Why Unit Tests Anyway?

Our main focus when writing software is building new features and fixing bugs. Of course, we need to test what we built, but we get the most joyful moment when our newly developed feature works. The next step is to write unit tests… But, we already know it is working, so why spend so much effort on it? It is much more fun to start with the next feature, right? So, we skip writing unit tests. But what happens when we need to extend the feature we wrote with some new functionality? 

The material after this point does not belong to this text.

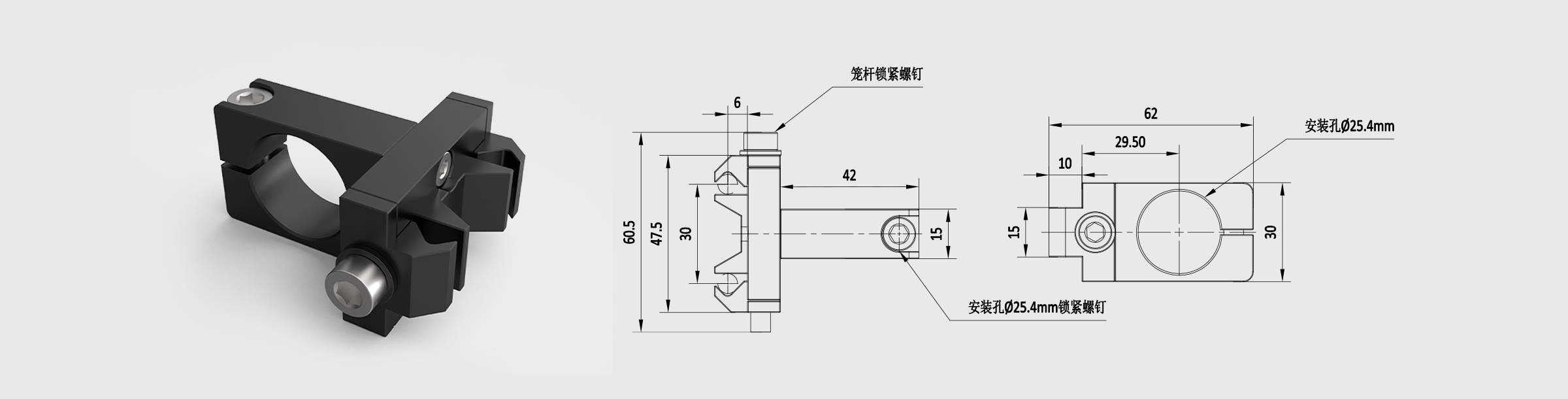 新品 30mm笼式系统接杆夹具座 夹持支撑杆25.4mm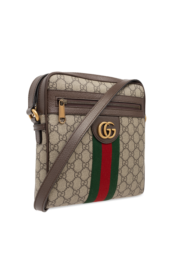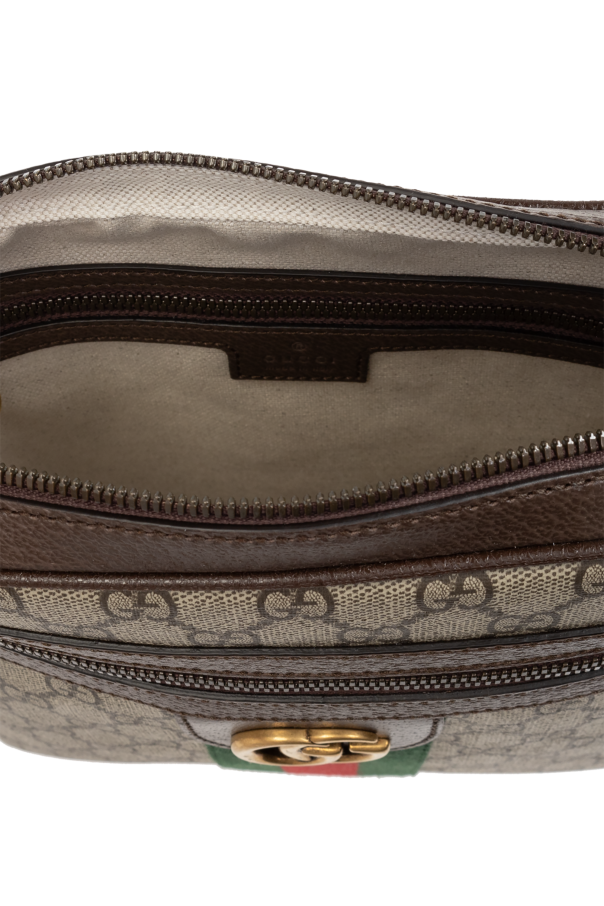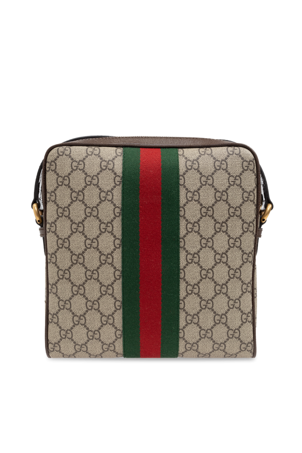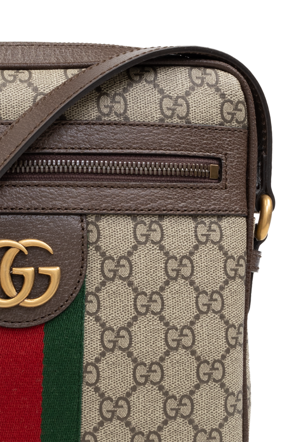Beige and brown \'Ophidia\' shoulder bag from Gucci. Made of \'GG Supreme\' canvas. Fastened with zip. Enriched by printed brown brand\'s logo and signature green-red-green \'Web\' stripe. Item also features metal logo detail and zip pocket at front, adjustable shoulder strap, antique fold-tone metal hardware and beige, lined interior which accommodates 1 compartment, 1 slip pocket and 1 zip pocket.

How are we going to ensure we did not break the original feature? What if we want to refactor the code we have written? These are the moments we are glad when we notice someone took the effort to write unit tests. Unit tests will give us the confidence that we didn't break anything when we changed some code (assuming the unit tests are well written and provide enough code coverage). It is therefore also common practice to run the unit tests as part of your CI/CD pipeline. 

If you do not like writing unit tests after developing a new feature, you can also consider writing your unit tests first, letting them fail, and when you implement your code, the unit tests will pass (TDD: Test Driven Development). This way, when you have reached your uppermost moment of joy (It works!), you also have your unit tests passed (All the unit tests passed!). That doubles your moment of joy ;-) .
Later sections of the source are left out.